▶ **Data provided**:
════════════════
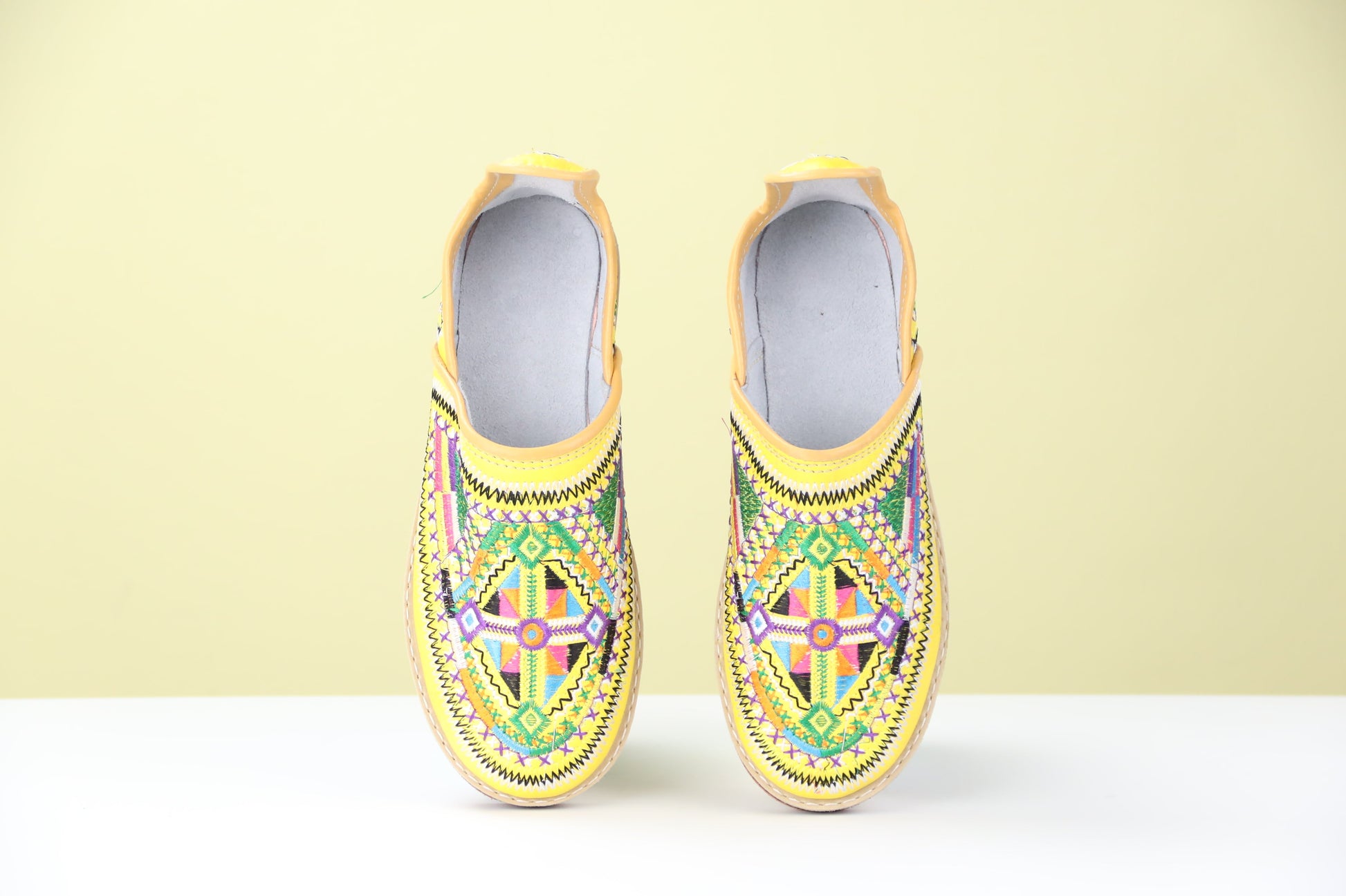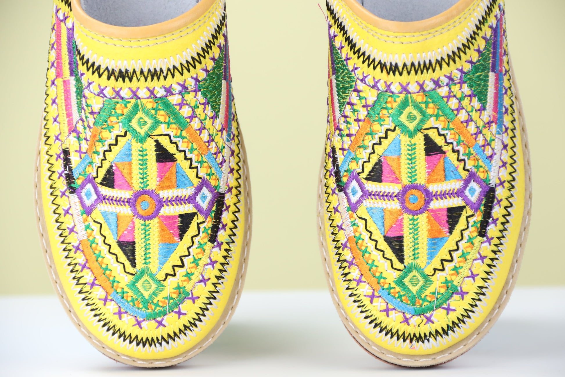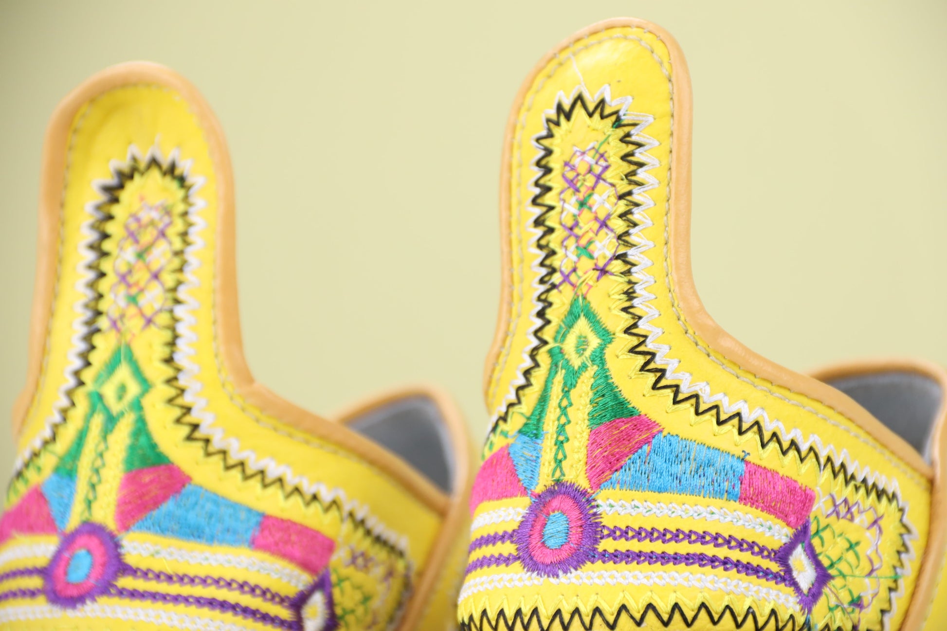 Crafted from soft leather with intricate embroidery, these iconic slippers blend traditional design with modern comfort for a touch of North African elegance.
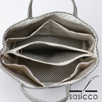 黑白格紋三河木綿刺子織多口袋托特包,配有兩條提把,側面有外袋,內部為米白色布料。
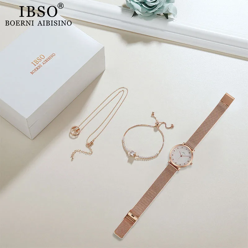 Special Offer Ibso Vrouwen Quartz Horloge Set Rose Gold Crystal Ontwerp Armband Ketting Horloge Sets Vrouwelijke Sieraden Set Horloge Dame Vrouw moeder Gift Discount 49% Today!
════════════════
▶ **Assignment**:
In your answer, set down the full listing word for word and include no pictures.

▶ **Solution for this problem**:
 Crafted from soft leather with intricate embroidery, these iconic slippers blend traditional design with modern comfort for a touch of North African elegance.
 黑白格紋三河木綿刺子織多口袋托特包,配有兩條提把,側面有外袋,內部為米白色布料。
 Special Offer Ibso Vrouwen Quartz Horloge Set Rose Gold Crystal Ontwerp Armband Ketting Horloge Sets Vrouwelijke Sieraden Set Horloge Dame Vrouw moeder Gift Discount 49% Today!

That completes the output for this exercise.